SEGUNDO
CAPÍTULO
Hoy
estoy triste. No puedo despegar de mi la realidad. Empiezo a entender
que la verdadera novela se escribe de espaldas a la realidad. Y yo,
hoy, no consigo apartarla de mí. Es algo que, al loco, le pasa desde
siempre. El loco es pacífico, pero hay días en los que le es
difícil apartarse de la realidad. Alguno de esos días, el loco
encuentra soluciones improbables, como pensar en Borges o irse a
dormir. Otros días escapa de la casa hacia algún perdido rincón de
alguna parte. El loco huye también por la tristeza. Siente un
extraño placer en estar triste. El placer del niño que se finge
enfermo para no ir al colegio. El loco niega la realidad, la miente y
se queda en sí mismo, dulcemente
enfermo de tristeza. Así es como no se escribe una novela. Y el
segundo capítulo es más difícil que el primero. Pero el loco
volverá. Cuando se le pase la tristeza. Baste dejar constancia de
que estuvo aquí.
Es
difícil para los demás entrar en la mente del loco. Pero para él
también es difícil salir. Lo que si está claro es que el loco
siempre vuelve. Le tiene querencia a estas cosas y siempre vuelve
para hacer de las suyas; así que, querido lector, nunca sabrás el
verdadero propósito de éstas líneas, a menos que seas capaz de
entrar en la cabeza del loco. Se
trata tan sólo de acabar el folio, para dar entrada a la realidad
que está asomándose a los ojos. Cuando es imposible escapar de la
realidad, lo mejor es agarrarse a ella. Tal como es; tal como nos
viene.
Puestos
en ello, no será malo tomarla en pequeños sorbos y a grandes
tragos. Sin dirigismos previos. Aquí no cabe el discurso lógico. Ni
el metalenguaje sobre ninguna pretendida novela. Sólo recibir lo que
se nos da en sábado. No se trata de escribir el sábado. Es ser el
sábado de lo que se trata. Vuelta al principio y huida hacia
adelante. ¿Qué otra cosa se puede hacer?
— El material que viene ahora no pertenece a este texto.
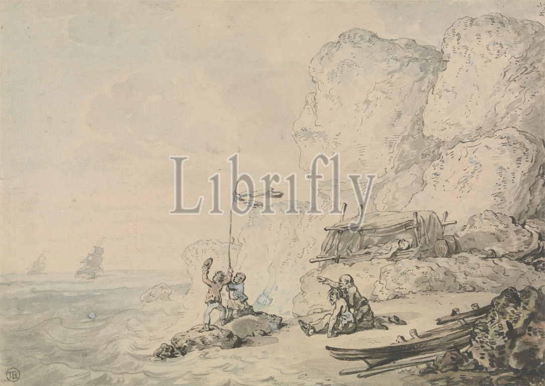 Shipwrecked Sailors, Thomas Rowlandson, 1756–1827, British, undated, Watercolor, with pen and black and gray ink over graphite on medium, slightly textured, cream laid paper, Sheet: 6 9/16 x 9 3/16 inches (16.7 x 23.3 cm), cliffs, landscape, marine art, rocks (landforms), sailors, ships, shipwreck, shore (landform), water

También lo ininteligible
es necesario. Y en cuanto a la locura, ahí va lo siguiente: El autor
hace una reflexión sobre la mala
conciencia
de quien se sabe mal escritor y arremete contra el concepto del
posmodenismo y los que se sienten ridículamente seguros por haber
conseguido entrar en el “parnasillo literario circense” español
y no saben nada de la muerte. Cabe aplicar a la literatura la crítica
sartreana del psicoanálisis: no se trata de represión o de corte
epistemológico, sino de mala fe. El mal escritor sabe, de alguna
manera, que lo es, y tiene por ello una indudable mala conciencia.
Perseguido por su sombra,
ve como una amenaza
para él un tipo de autores que, como Poe, sabían demasiado bien lo
que era escribir. Dicen que Poe, en una sola noche, hizo 40 críticas
de las obras de todos sus contemporáneos: a ellos se los llevó el
viento y no queda más que un nombre, el de Poe. A los de aquí se
los llevará, sin duda, también el viento, como al sombrero de
Escarlata O’Hara, pero mientras tanto, ellos permanecen como algo
incómodo. Se sienten ridículamente seguros por haber conseguido
entrar, a base de adulaciones, en el “parnasillo literario
circense” español, y no saben nada de la muerte. Sin embargo
parece como si los que hoy atacan pertenecieran al dominio más
hard-boiled de la literatura española: Eduardo Haro Ibars y Alberto
Cardín. No sé si son, como se dice, posmodernos. Lo que sé de los
posmodernos me dice bien poco a favor de esta palabra.